- Theatrical release poster
- Directed by: Alan J. Pakula
- Written by: Lyle Kessler
- Based on: Orphans by Lyle Kessler
- Produced by: Alan J. Pakula Susan Solt
- Starring: Albert Finney; Matthew Modine; Kevin Anderson;
- Cinematography: Donald McAlpine
- Edited by: Evan A. Lottman
- Music by: Michael Small
- Distributed by: Lorimar Motion Pictures
- Release date: 18 September 1987;
- Running time: 115 minutes
- Country: United States
- Language: English
- Budget: $15 million
- Box office: $252,430

= Orphans (1987 film) =

1987 film by Alan J. Pakula

Orphans is a 1987 American drama film directed by Alan J. Pakula. Written by Lyle Kessler, based on his 1983 play of the same name, the film follows two orphaned brothers (Matthew Modine and Kevin Anderson) as they navigate life on their own.

==Plot==
Treat (Matthew Modine) and Phillip (Kevin Anderson) are two brothers living alone in a rundown row house in Newark, New Jersey. Treat, the elder, is a violent pickpocket who spends the day robbing people in order to provide for himself and Phillip. Meanwhile, at home, Phillip tries to educate himself via words in magazines and watching TV.

Treat kidnaps a mysterious man from a bar, with a briefcase full of stocks and bonds.

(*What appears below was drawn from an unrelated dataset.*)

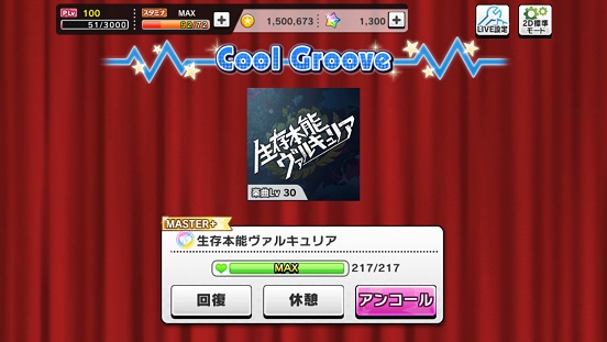 それとイベント曲「生存本能ヴァルキュリア」なんかもうタイトルだけでロボットアニメとかバトルものアニメとかそういうの想像する人多かったんだろうけど、聞いたときまさにそうだろうと思います。イメージはガンダムとかマクロス?(にわかの感想)MASTERはさっききのこさんユニットでしたので今度はMASTER+。

Known as Harold (Albert Finney), he turns the tables on his abductor and begins to assimilate himself into the brothers' lives, turning Treat into a gentleman and giving Phillip the encouragement he needs.

But there are people who have picked up on Harold's disappearance. As Harold helps Phillip overcome his agoraphobia (Treat has him under the influence that he will die upon contact with the outside world), tensions begin to run high in the household.

One night, after an argument between the brothers, Harold returns and is revealed to have been fatally wounded. He dies on the couch, with Phillip by his side. Treat breaks down in tears, and Phillip comforts him.

==Cast==
- Albert Finney as Harold
- Matthew Modine as Treat
- Kevin Anderson as Phillip
- John Kellogg as Barney
- Anthony Heald as Man in park
- Novella Nelson as Mattie
- Elizabeth Parrish as Rich woman
- B. Constance Barry as Woman in crosswalk
- Frank Ferrara as Cab driver
- Clifford Fearl as Doorman

==Critical reception==
Vincent Canby of the New York Times wrote, "Mr. Pakula's achievement is in making a film that's simultaneously theatrical and cinematic. Orphans honors both worlds." Roger Ebert of the Chicago Sun-Times gave it two and a half stars out of four, writing, "Orphans is a good play about behavior that has been turned into a mediocre movie about nothing much at all."